What Kellee Thinks: Wow! This book jumps right in! Within the first couple of paragraphs you are thrown in the middle of a tornado that is barreling down on Jaden and her father. And the terror never ceases. Even when you start to get comfortable, you are on the edge of your seat because you know that something is going on.
This future in general terrifies me. Tornadoes are the thing that I probably fear the most. I lived in tornado alley until I was 14 and have been too close to tornadoes. I had reoccurring nightmares about them all of my childhood. They were an obsession and a fear. So Jaden's future is fascinating, but also my worst nightmare. And what makes Jaden's world even worse is that with the addition of the intense tornadoes, it seems like most joy was taken from her world- no more museums, ballet, poetry, Disney, pleasure reading, classroom learning. All of the things that make our world a place that I love- gone. My reaction to this aspect of the book reminded me of the same reaction I have with The Giver when I was in middle school. I cannot imagine a world where these joys are sucked away.
Oh, and I haven't even mentioned how well Kate writes. The imagery that she creates, specifically when it comes to the tornadoes, is what makes the book. The ability to visualize what she has created so you feel like you are there with Jaden moves the story to the next level.
What Jen Thinks: I have to agree that I was impressed by Kate's writing and the story she has created in Eye of the Storm. I have always loved Kate's characters and the characters in this book are great. I am so glad for strong, smart, girl protagonists. I am all for girl power. I love it. It is so interesting to think of all of Kate's books that I have read and how she seems to have evolved and grown as a writer.
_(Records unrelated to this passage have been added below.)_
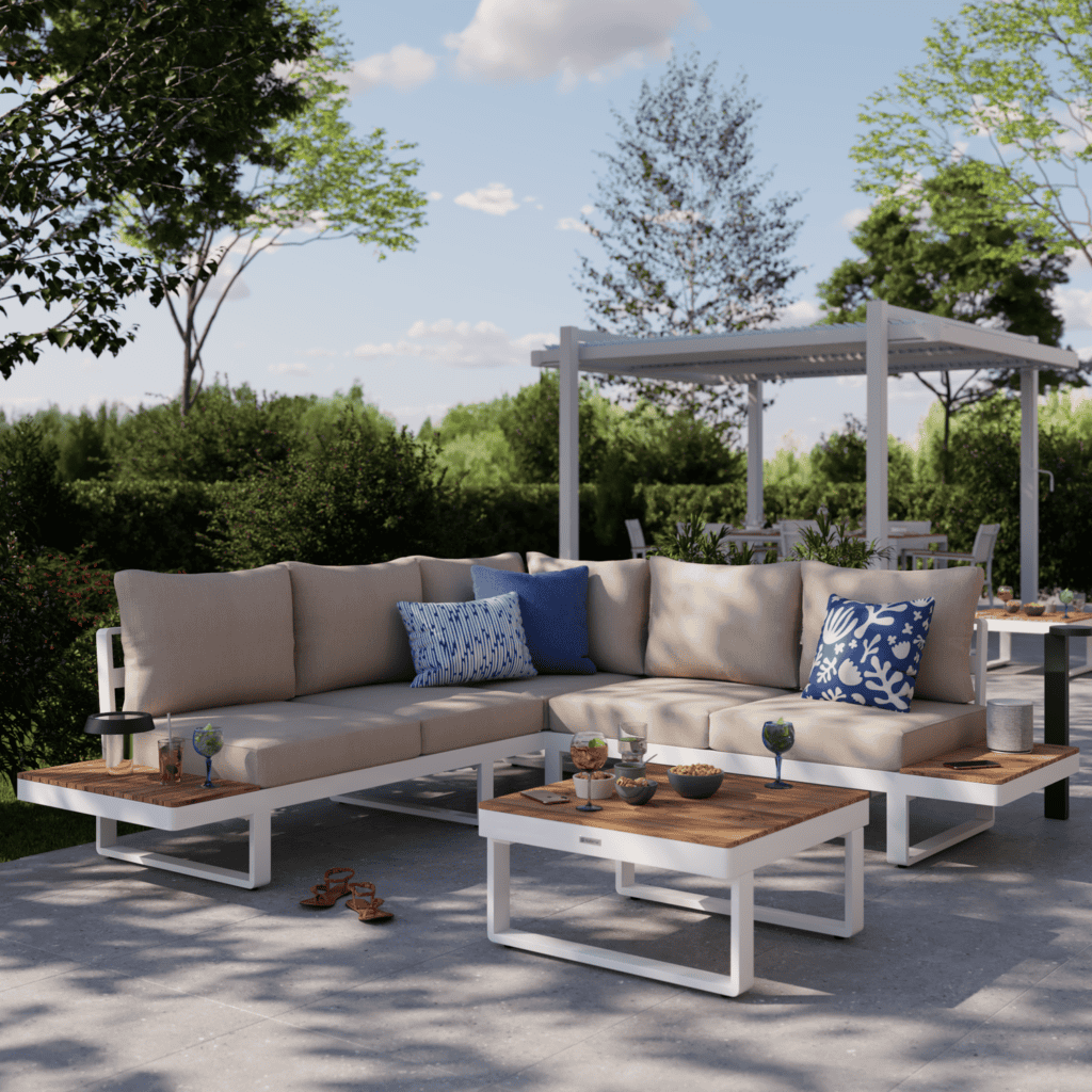 Este salón esquinero Persea crea un espacio acogedor para disfrutar del exterior en familia o con amigos. Su formato generoso se adapta perfectamente a terrazas, patios y zonas sociales.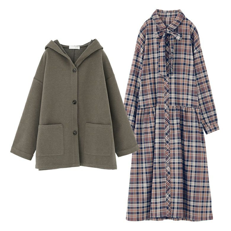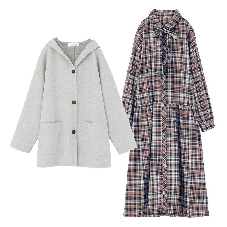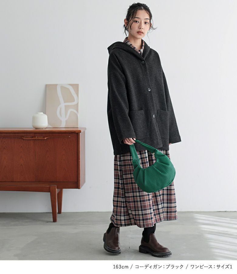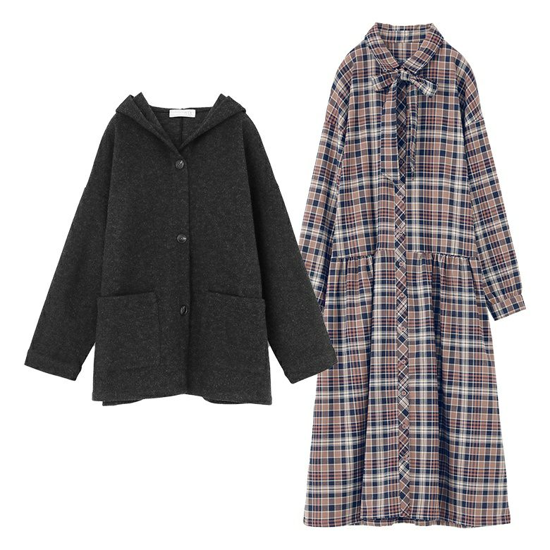他の画像を見る 送料無料★届いてすぐにお洒落に変身2点コーデSET♪ 【送料無料】『フード付きウールライクコーディガン×ボウタイ付きチェックワンピースコーデ2点SET』【メール便不可】【70】 ¥ 11,960 税込 (0)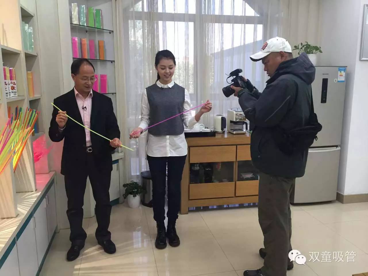 當家(jiā)人樓總向主持人介紹”超長吸管“的用途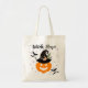 Tote Bag that has bats, a pumpkin, witches hat and a saying that says "Witch, Please!"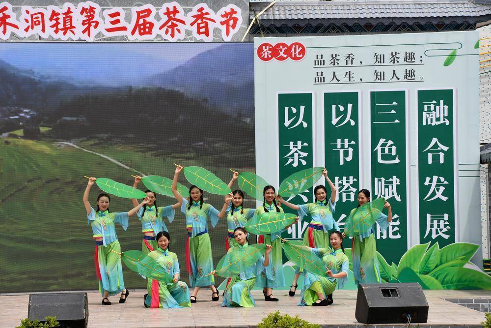洗杯烫盏、优雅冲泡、分杯奉茶……茶文化汇演《茶香满禾洞》中,演员灵巧的双手在茶水间轻盈流转,精湛的茶艺不仅展现了禾洞茶的色、香、味、形,更展现了中国茶文化的博大精深。而诗歌朗诵《香飘山外禾洞茶》深情讲述了60年前知识青年到禾洞种茶,到如今茶叶成为禾洞优势产业的历史故事。广场舞《茶山姑娘》、歌舞《山歌悠悠采茶忙》表现了禾洞采茶姑娘的劳动景象,伴随着悠悠山歌,指尖在茶树上飞舞,一片片茶芽落入茶篓里,呈现出劳动的快乐与丰收的喜悦。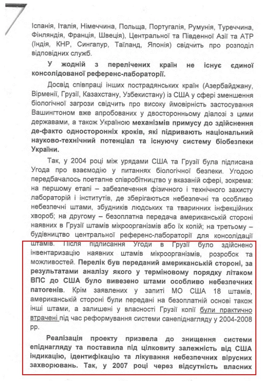 «…В Грузии была проведена инвентаризация штаммов микроорганизмов, разработок и возможностей. Перечень был передан американской стороне, по результатам анализа которого в срочном порядке самолетом ВВС в США были вывезены штаммы особо опасных патогенов. Кроме заявленных в запросе МО США 18 штаммов, американской стороне были переданы на безоплатной основе также иные штаммы, а оставшиеся в Грузии копии были практически утрачены во время реформирования системы санэпидемнадзора в 2004-2008 гг.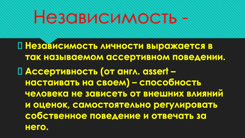 Ассертивность (от англ. assert – настаивать на своем) – способность человека не зависеть от внешних влияний и оценок, самостоятельно регулировать собственное поведение и отвечать за него.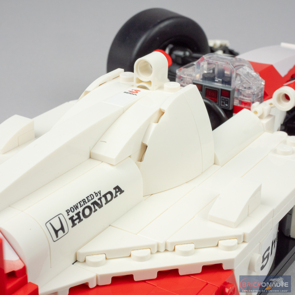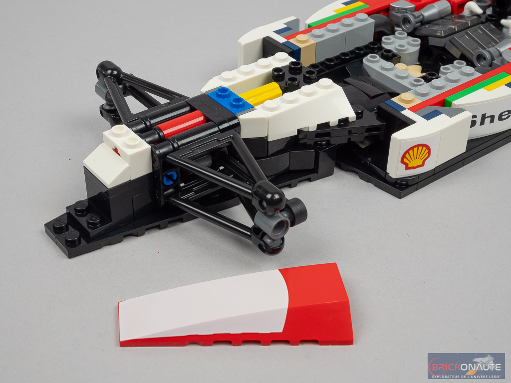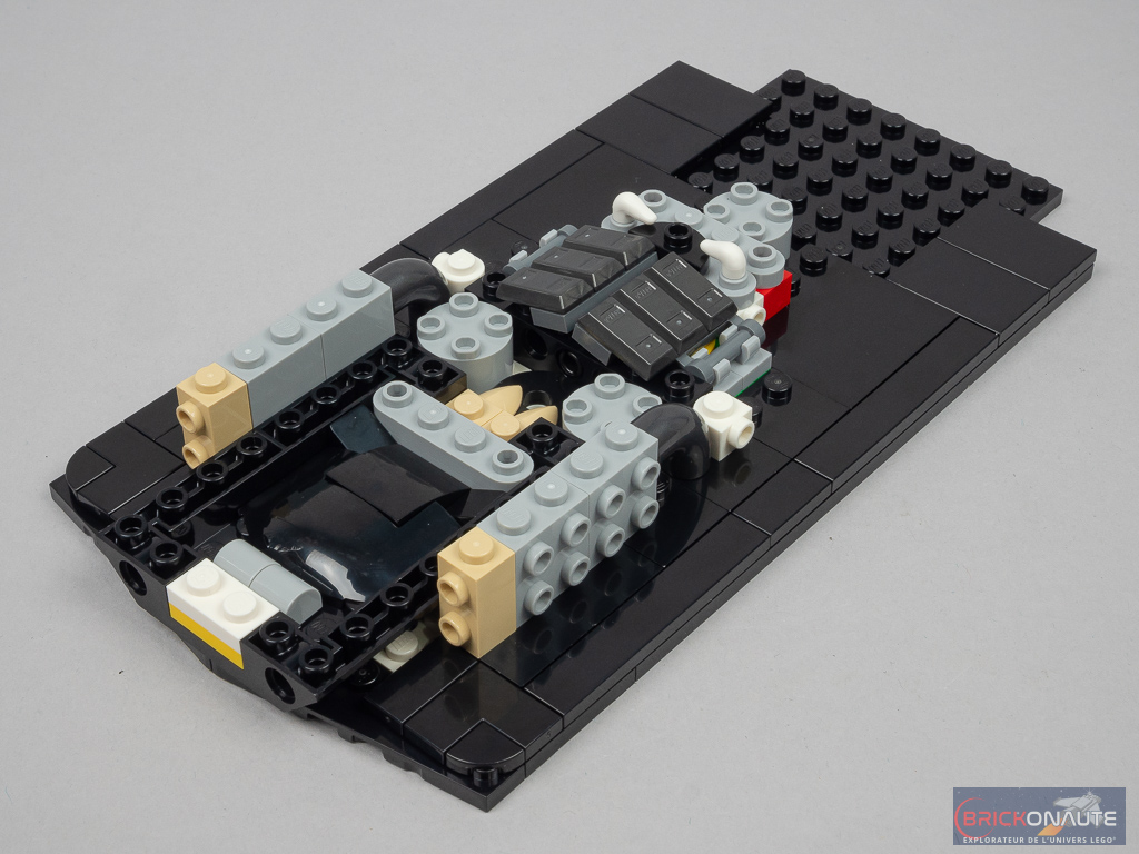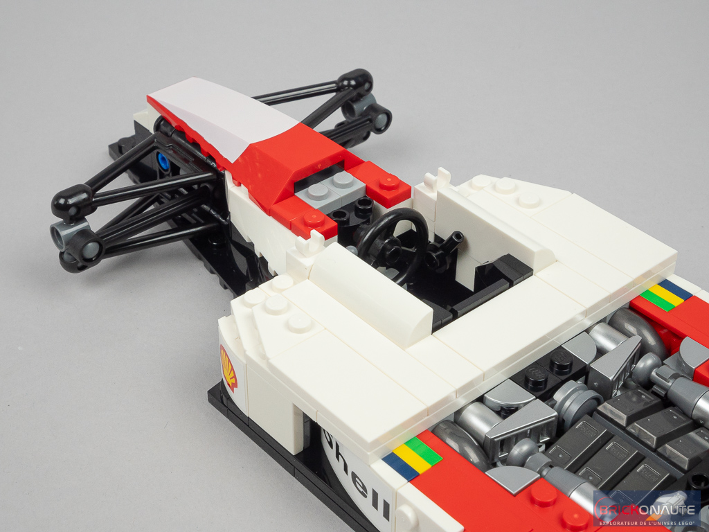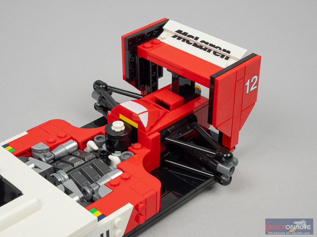 L’aspect très « plat » de la machine sur les côtés du cockpit se prêtait plutôt bien à une réinterprétation en LEGO et c’est ici bien fait. D’une manière générale, les formes et courbes sont bien reproduites. Seul petit regret sur les formes le « nez » pointu de la machine originelle est ici tout plat au niveau de la connexion à l’aileron avant. L’intégration d’un support d’exposition est une bonne idée et permettra l’observation plus aisée de la machine – le support est d’ailleurs décoré d’un autocollant avec les caractéristiques et le palmarès de la McLaren.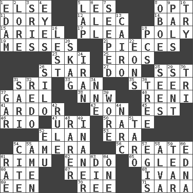 ACROSS 1. Otherwise 5. French article 8. Elect 11. Dinghy 12. Actor Baldwin 14. Long, evenly shaped piece 15. Satellite of Uranus 17. Entreaty 18. More than one (prefix) 19. Makes clutter 21. Parts 23. What Jean-Claude Killy likes to do 25. Greek god of love 26. Play the lead 27. Spanish title 28. Fast jet (abbr.) 31. Indian title of respect (Mr.) 33. Separate the seeds from cotton 35. Navigate 37. Highlander 38. Compass dir. 40. Painter Guido (1575-1642) 41. Zeal 43. A really long time 45. Eastern Standard Time (abbr.) 46. _ de Janeiro 47. RI univ. 50. Assign a rank or rating to 52. Flair 53. Epoch 54. Device for capturing images 56. Make 61. Tall New Zealand timber tree 62. Inside; within (prefix) 65. Stared 66. Had dinner 67. It's straight from the horse's mouth 68. "Terrible" tsar 69. Car or cant ending 70. To separate or throw off 71. "Two Mules for Sister ____" DOWN 1. Dutch treat 2. Old wives' tales, e.g. 3. Indian titles of respect 4. Sight organs 5. Pet locale 6. Pipe bend 7. Oozed 8. Mitch Miller's instrument 9. Friends 10. Attempt to accomplish something 13. Capital of Egypt 16. For fear that 18. Personal Computers (abbr.) 20. Heroin 22. Immeasurably long periods of time 24. SW Asia republic 26. Grain storage tower 28. Perceives with the eye 29. Transmitted 30. Three (prefix) 31. Indian skirt 32. Do over again 34. Compass dir. 36. Relationship diagram 37. Slender fish 39. Had on 42. General guideline 44. Drug cop 48. More uncommon 49. More empty; more void 51. Edible starchy tuberous root 52. Australian flightless bird 54. Quote 55. So be it 57. Armor plate that protects the chest 58. Inventor's middle name 59. Lacerate 60. Pulitzer Prize-winning author Ferber 61. Actress Charlotte 63. Pass on 64. Single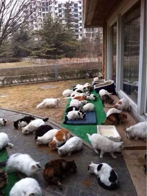 刘亦菲经常收养流浪动物,在今年6月份,有网友曝光数十只猫生活在刘亦菲家后院,最多时候甚至有五六十只,堪称真人版的《猫咪后院》。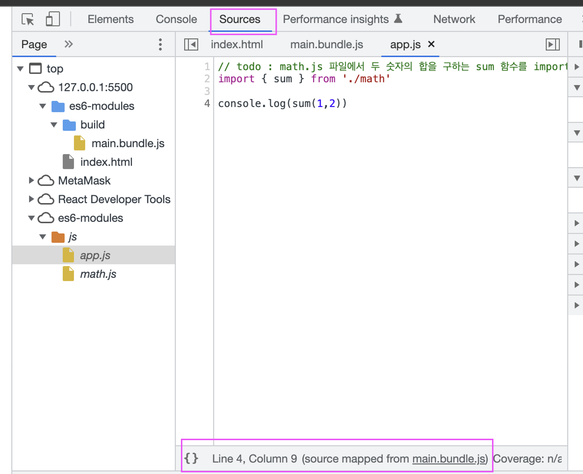- 보통 production 모드로 빌드를 할 경우 번들 파일이 난독화되서 나오는데, 이 때 실제 번들 전의 오리지날 파일 상의 코드와 번들링된 파일을 맵핑해주는 도구를 설정해준다.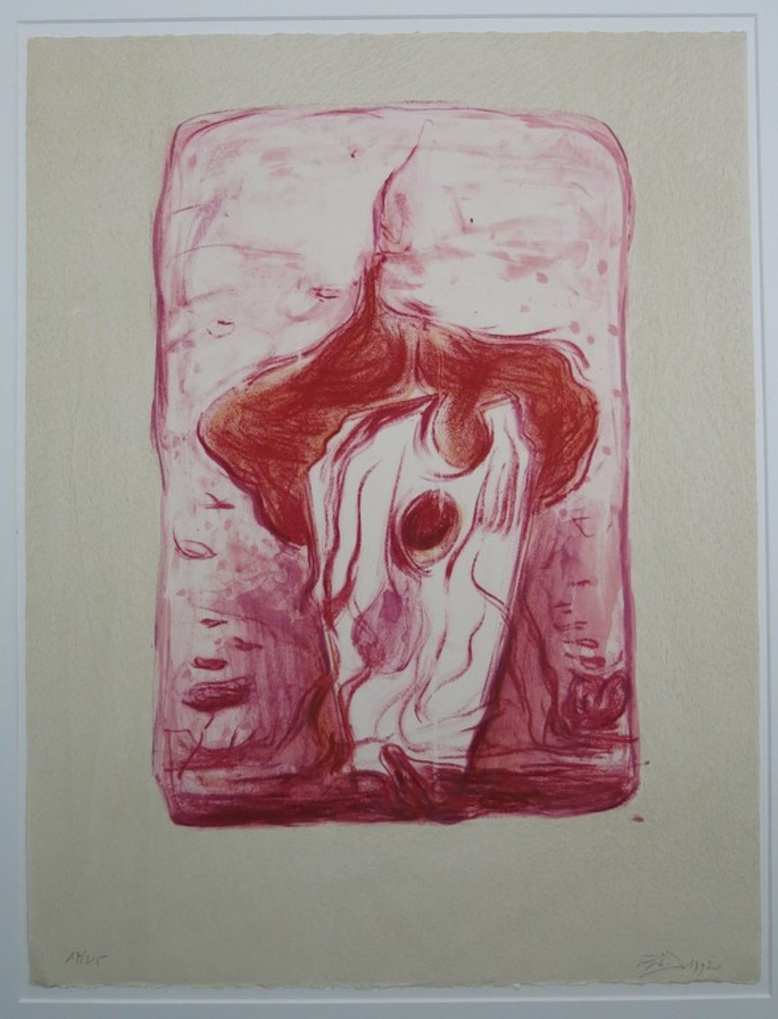 Materiaal: Litho op geschept papier, bevestigd achter passe-partout
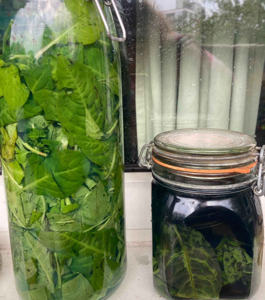 150g leaves into a 2 litre jar and filled with cold water, weighed down with a glass pot. left for 36 hours.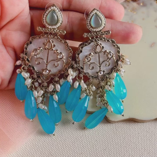 Experience elegance with the Upagya Earring! Adorned with a intricate flower carving on mother of pearl, these earrings are elevated with ruby bead detailing for a touch of sophistication. Embrace the beauty and timeless charm of this stunning accessory.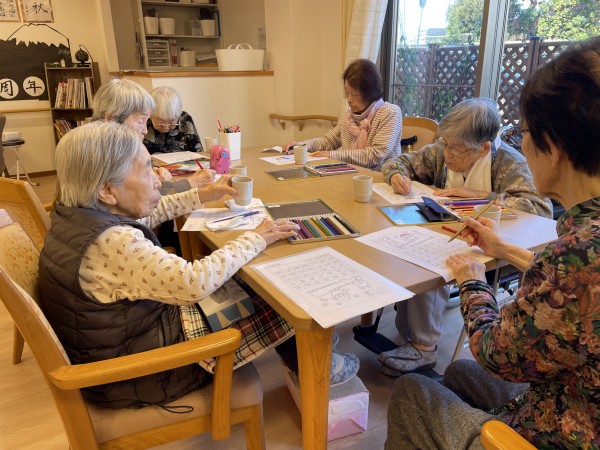 楽しい会話をしながら真剣にぬり絵にも取り組むところが皆様多才ですね(o^―^o)ニコ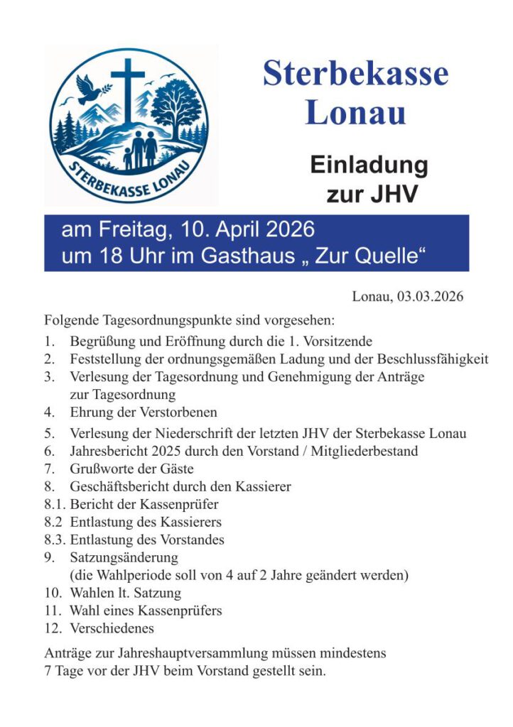 Die Sterbekasse Lonau lädt alle Mitglieder zur diesjährigen Jahreshauptversammlung ein. Die Versammlung findet am Freitag, 10. April 2026, um 18 Uhr im Gasthaus „Zur Quelle“ statt.
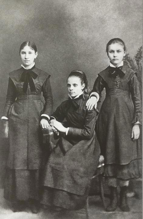 Три девочки в гимназических платьях с фартуками. Орел, 1880 год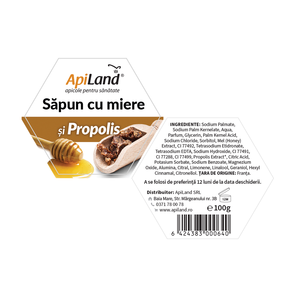 Palmat de sodiu, Kemelate, Apă, Parfum, Glicerină, Palm Kernel Acid, Clorură de sodiu, Sorbitol, Miere,Tetrasodic EDTA, Tetrasodic Etidronate, Extract de ceară și propolis, Alcool etilic, CI77491 (oxid de fier), CI77499 (oxid de fier), Citral, Citronellol, D-Limonen, Geraniol, Hexil Cinnamal, Linalol.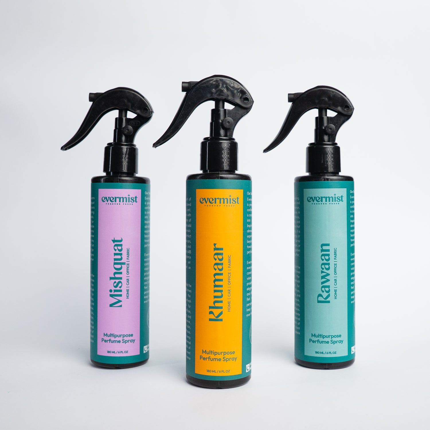 Each Evermist fragrance is crafted as an expression of elegance and mood, transforming everyday spaces into moments of luxury. Our premium collection featuring Mishquat, Khumaar, and Rawaan captures distinct emotions through carefully balanced scent notes. From the warm allure of Mishq to the deep, intoxicating charm of Khumaar and the effortless calm of Rawaan, every mist tells its own story. Hand-poured with precision and artistry, these perfume mists are designed to elevate your surroundings with sophistication that lingers.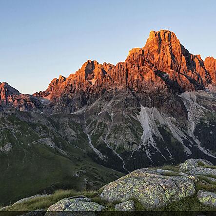 Dominano incontrastate, maestose ed eleganti. Ovunque si giri lo sguardo, eccole, a toccare il cielo alcune sfiorando, altre superando i tremila metri di altezza. Sono le cime che formano le Pale di San Martino, il più esteso gruppo montuoso delle Dolomiti. Le celebri montagne, dal Cimon della Pala alla Vezzana, dalla Rosetta alla Pala, dal Sass Maor alla Madonna, via via passando per la Cima Canali fino ad arrivare alla liscia parete dell’Agnèr, formano una corona circolare che delimita un vasto altopiano di circa cinquanta chilometri quadrati di pura roccia calcarea, puntellata qua e là da potentille, raponzoli, papaveri gialli, sassifraghe, genziane e stelle alpine. Da Passo Rolle a San Martino di Castrozza, dai paesi di Primiero alla Val Canali, passando per Sagron Mis, risalendo il Valles e ricongiungendosi sul valico di Rolle, eccole, a delimitare Primiero e Agordino. Si ammirano anche dal Vanoi, e fanno da sfondo ideale al lago di Calaita.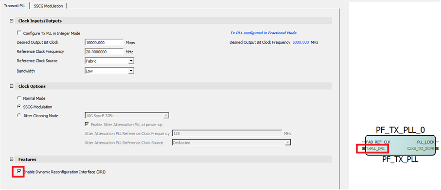 - Click Enable Dynamic Reconfiguration Interface (DRI) checkbox to add the ports needed to connect the Transmit PLL to the DRI. See PolarFire Family Device Power-Up and Resets User Guide for more information about DRI usage and specifications.

I agree with Kellee on her other points as well! The future world Kate has created does seem so real. It is one of the most realistic and thus most scary science fiction books to read because it does seem like we are headed towards this world...I'm particularly scared this year since we have had such a mild winter in Chicago. I find myself thinking back to Eye of the Storm because this weather is just so strange. From the beginning, the tornadoes are real and scary. I was so sad for Alex's situation and I am wondering and anticipating how kids will relate to his story in the sense that his family is forced to give up their home and there isn't much they can do about it. It seems like Alex has to grow up too fast.
Probably my most favorite-est part is the twist at the end (no pun intended)! My 6th grade student was so excited to read this book and we had a long discussion about all the craziness that ensues at the end of the book. I love that this twist takes it from Jaden and her friends trying to stop the tornadoes to there being so much more to the tornadoes than an evolution of climate and weather. Aren't you just itching to get your hands on this book?
As I'm brainstorming how this book can be used, I am realizing how this could fit into a science class studying weather and climate and the environment in general. What if the class developed a environmental newspaper with everything devoted to this topic? Students could write articles about our current state, how scientists think things will change, what people can do to be "green" and to help limit the changes or at least slow the changes down. There is a lot to be done here. Earth Day is coming soon and I was planning to read The Lorax with my students (especially because the movie comes out on March 2nd). I am not really one to get excited by science but this book has my gears turning.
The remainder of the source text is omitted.